━━ Working data
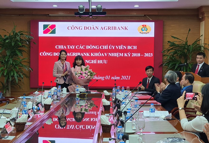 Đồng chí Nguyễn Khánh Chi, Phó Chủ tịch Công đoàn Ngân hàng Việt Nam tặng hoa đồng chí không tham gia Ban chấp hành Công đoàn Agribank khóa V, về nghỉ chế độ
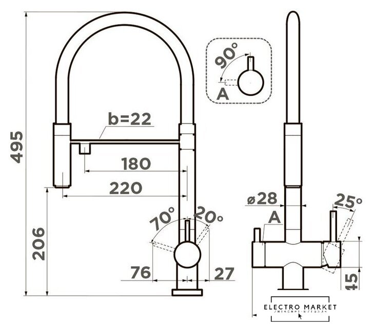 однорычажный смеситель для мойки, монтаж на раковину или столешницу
━━━━
━━ Working data
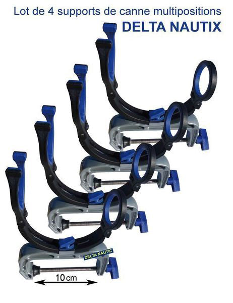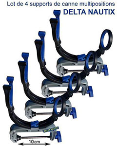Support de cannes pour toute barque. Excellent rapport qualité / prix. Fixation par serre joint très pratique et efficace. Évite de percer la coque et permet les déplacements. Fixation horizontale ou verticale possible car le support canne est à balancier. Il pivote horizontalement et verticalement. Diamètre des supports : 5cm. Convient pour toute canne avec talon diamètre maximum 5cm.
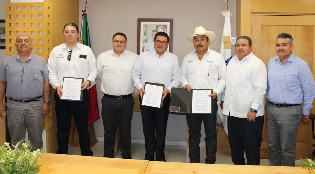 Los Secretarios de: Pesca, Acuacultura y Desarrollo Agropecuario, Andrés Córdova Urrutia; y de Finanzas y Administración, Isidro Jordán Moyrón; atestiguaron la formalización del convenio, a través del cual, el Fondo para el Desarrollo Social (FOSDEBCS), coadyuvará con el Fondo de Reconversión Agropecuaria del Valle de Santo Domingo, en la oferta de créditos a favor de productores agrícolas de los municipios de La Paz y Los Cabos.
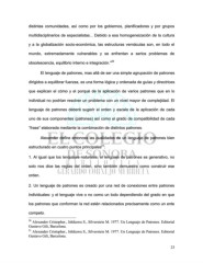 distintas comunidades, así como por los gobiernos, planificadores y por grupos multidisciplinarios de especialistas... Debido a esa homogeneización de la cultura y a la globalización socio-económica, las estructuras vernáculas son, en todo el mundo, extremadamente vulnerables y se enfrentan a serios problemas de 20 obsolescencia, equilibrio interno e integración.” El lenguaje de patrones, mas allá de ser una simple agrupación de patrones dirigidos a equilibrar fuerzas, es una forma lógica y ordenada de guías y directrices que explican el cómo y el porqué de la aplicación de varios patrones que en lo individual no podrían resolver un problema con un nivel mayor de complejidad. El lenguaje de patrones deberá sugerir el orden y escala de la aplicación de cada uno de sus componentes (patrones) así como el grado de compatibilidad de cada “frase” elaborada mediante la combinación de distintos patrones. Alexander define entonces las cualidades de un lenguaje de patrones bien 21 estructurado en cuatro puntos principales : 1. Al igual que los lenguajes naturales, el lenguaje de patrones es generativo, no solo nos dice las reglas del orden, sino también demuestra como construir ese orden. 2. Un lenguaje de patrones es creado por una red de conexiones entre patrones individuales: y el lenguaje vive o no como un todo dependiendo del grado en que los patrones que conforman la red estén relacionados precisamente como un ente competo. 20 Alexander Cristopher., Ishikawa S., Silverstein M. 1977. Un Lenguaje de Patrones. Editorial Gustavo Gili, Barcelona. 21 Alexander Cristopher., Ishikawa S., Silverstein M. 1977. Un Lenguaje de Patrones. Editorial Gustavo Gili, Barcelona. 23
━━━━
Problem statement. Range to copy from the listing above: the line with "Đồng chí Nguyễn" through the line with "однорычажный смеситель для". Transcribe it exactly and skip the pictures.

Answer to the exercise.
 Đồng chí Nguyễn Khánh Chi, Phó Chủ tịch Công đoàn Ngân hàng Việt Nam tặng hoa đồng chí không tham gia Ban chấp hành Công đoàn Agribank khóa V, về nghỉ chế độ
 однорычажный смеситель для мойки, монтаж на раковину или столешницу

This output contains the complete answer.